Normalisation pipeline (applied before hashing and embedding):

1. Persona prefix strip — "You are a senior SWE." removed
2. Filler word strip — "Please can you" removed
3. Markdown strip — **bold**, # headers, `code` removed
4. Date normalisation — "June 13 2026" → "2026-06-13"
5. Number normalisation — "1,000,000" → "1000000"
6. British→American spelling — "optimise" → "optimize"
7. Code argument canonicalisation — login(user, pwd) ≡ login(username, password)
8. Lowercase + whitespace collapse

---

Token quota governance

Per-team, per-user, per-tool limits with pre-call blocking and real-time observability.

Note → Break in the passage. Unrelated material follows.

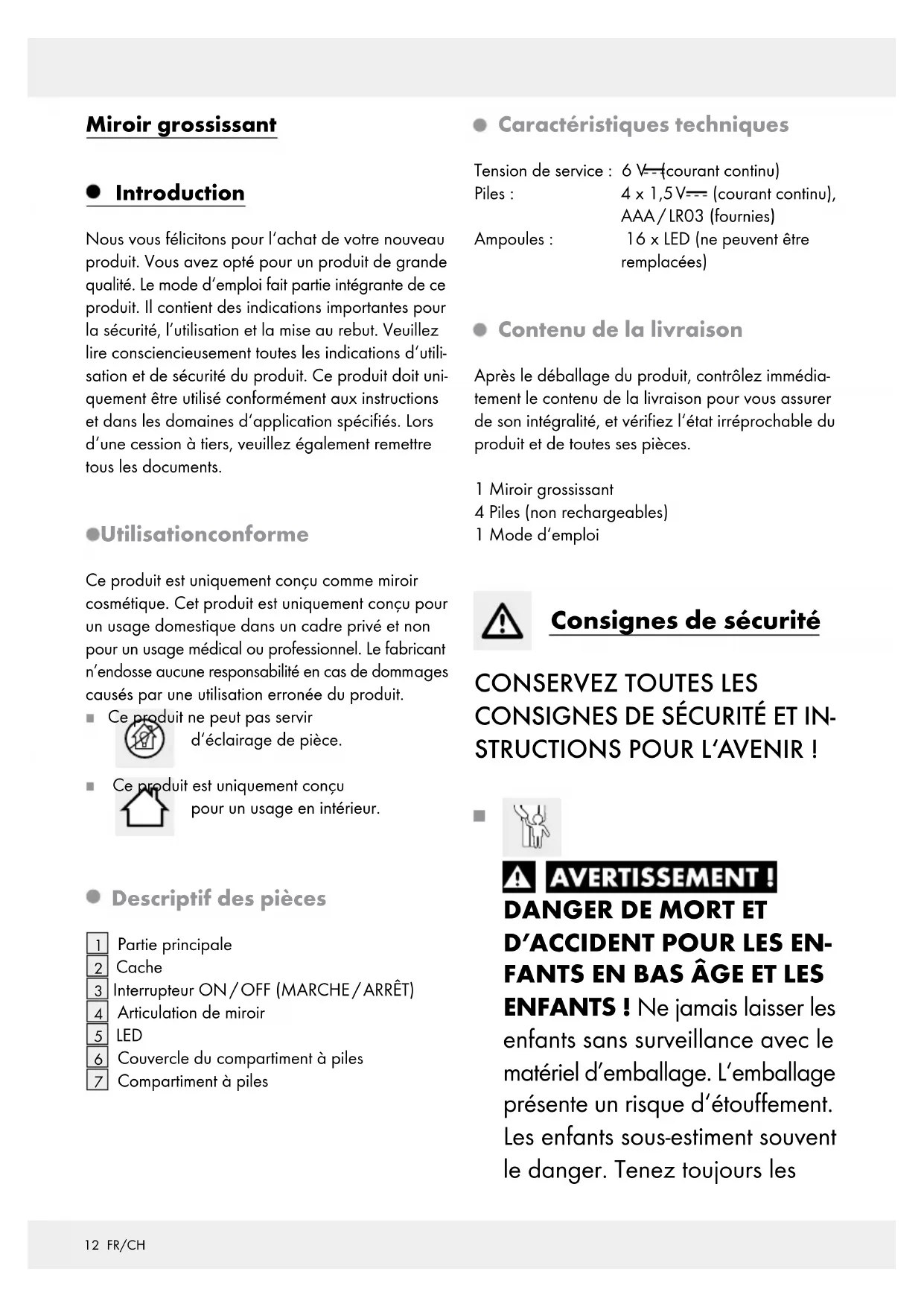 verfällt, wenn das Produkt beschädigt, nicht sach- gemäß benutzt oder gewartet wurde. Die Garantieleistung gilt für Material- oder Fabrika- tionsfehler. Diese Garantie erstreckt sich nicht auf Produktteile, die normaler Abnutzung ausgesetzt sind (z. B. Batterien) und daher als Verschleißteile ange- sehen werden können oder für Beschädigungen an zerbrechlichen Teilen, z. B. Schalter, Akkus oder die aus Glas gefertigt sind.11 FR/CH Introduction ................................................................................................................................... Page 12 Utilisation conforme ............................................................................................................................Page 12 Descriptif des pièces ...........................................................................................................................Page 12 Caractéristiques techniques ................................................................................................................Page 12 Contenu de la livraison .......................................................................................................................Page 12 Consignes de sécurité ...........................................................................................................Page 12 Consignes de sécurité relatives aux piles / aux piles rechargeables ...............................................Page 13 Mise en service du produit ...............................................................................................Page 15 Mise en place / remplacement des piles ........................................................................................... Page 15 Utilisation ........................................................................................................................................Page 15 Nettoyage et entretien ........................................................................................................ Page 15 Mise au rebut ............................................................................................................................... Page 15 Garantie ........................................................................................................................................... Page 1612 FR/CH Miroir grossissant Introduction Nous vous félicitons pour l‘achat de votre nouveau produit. Vous avez opté pour un produit de grande qualité. Le mode d‘emploi fait partie intégrante de ce produit. Il contient des indications importantes pour la sécurité, l’utilisation et la mise au rebut. Veuillez lire consciencieusement toutes les indications d‘utili- sation et de sécurité du produit. Ce produit doit uni- quement être utilisé conformément aux instructions et dans les domaines d‘application spécifiés. Lors d‘une cession à tiers, veuillez également remettre tous les documents. Utilisation conforme Ce produit est uniquement conçu comme miroir cosmétique. Cet produit est uniquement conçu pour un usage domestique dans un cadre privé et non pour un usage médical ou professionnel. Le fabricant n’endosse aucune responsabilité en cas de domm ages causés par une utilisation erronée du produit. Ce produit ne peut pas servir d‘éclairage de pièce. Ce produit est uniquement conçu pour un usage en intérieur. Descriptif des pièces

# Start proxy with team limits
agentmesh serve --port 8080 \
  --team-limit engineering=2000000 \
  --team-limit sales=500000 \
  --warn-at 80 \
  --hard-stop-at 100

# Request from a team at 85% quota
X-AgentMesh-Quota-Pct:  85%
X-AgentMesh-Quota-Warn: Quota warning: team 'engineering' at 85% (300,000 tokens remaining)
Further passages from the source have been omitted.